[LISTED RECORDS Boundary: Start]

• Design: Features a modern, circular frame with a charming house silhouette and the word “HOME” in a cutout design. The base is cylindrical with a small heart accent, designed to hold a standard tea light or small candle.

[LISTED RECORDS Boundary: End]
[LISTED RECORDS Boundary: Start]

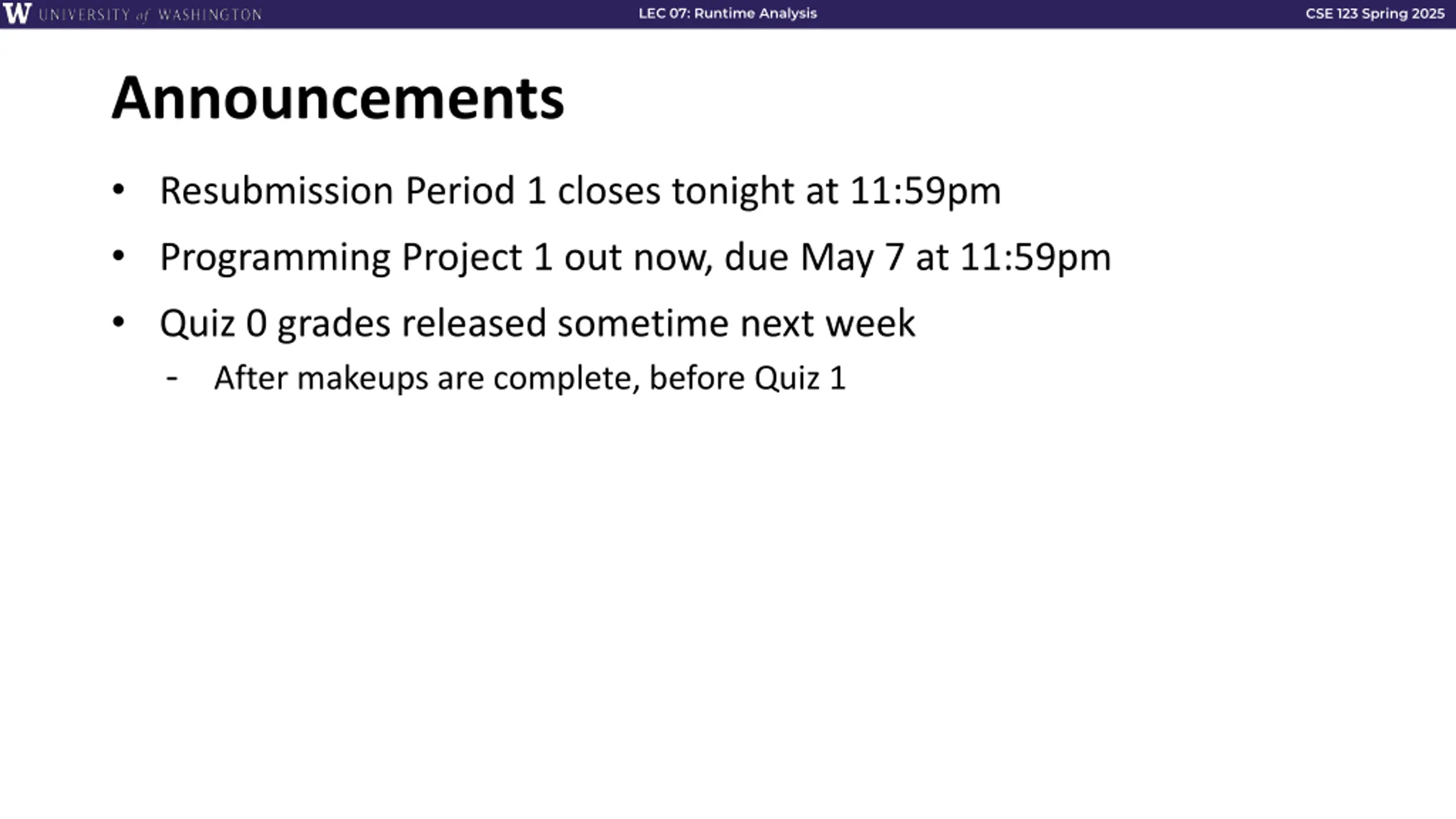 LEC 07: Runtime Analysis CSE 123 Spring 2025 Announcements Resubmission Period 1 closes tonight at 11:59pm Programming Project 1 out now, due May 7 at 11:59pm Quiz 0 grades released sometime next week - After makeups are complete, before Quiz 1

[LISTED RECORDS Boundary: End]
[LISTED RECORDS Boundary: Start]

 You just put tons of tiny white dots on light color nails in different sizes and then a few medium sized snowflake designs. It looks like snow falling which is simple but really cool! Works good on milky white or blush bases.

[LISTED RECORDS Boundary: End]

ASSIGNED TASK ->
Check every line above for the string "light" and copy those that have it.

RESULT ->
• Design: Features a modern, circular frame with a charming house silhouette and the word “HOME” in a cutout design. The base is cylindrical with a small heart accent, designed to hold a standard tea light or small candle.
 You just put tons of tiny white dots on light color nails in different sizes and then a few medium sized snowflake designs. It looks like snow falling which is simple but really cool! Works good on milky white or blush bases.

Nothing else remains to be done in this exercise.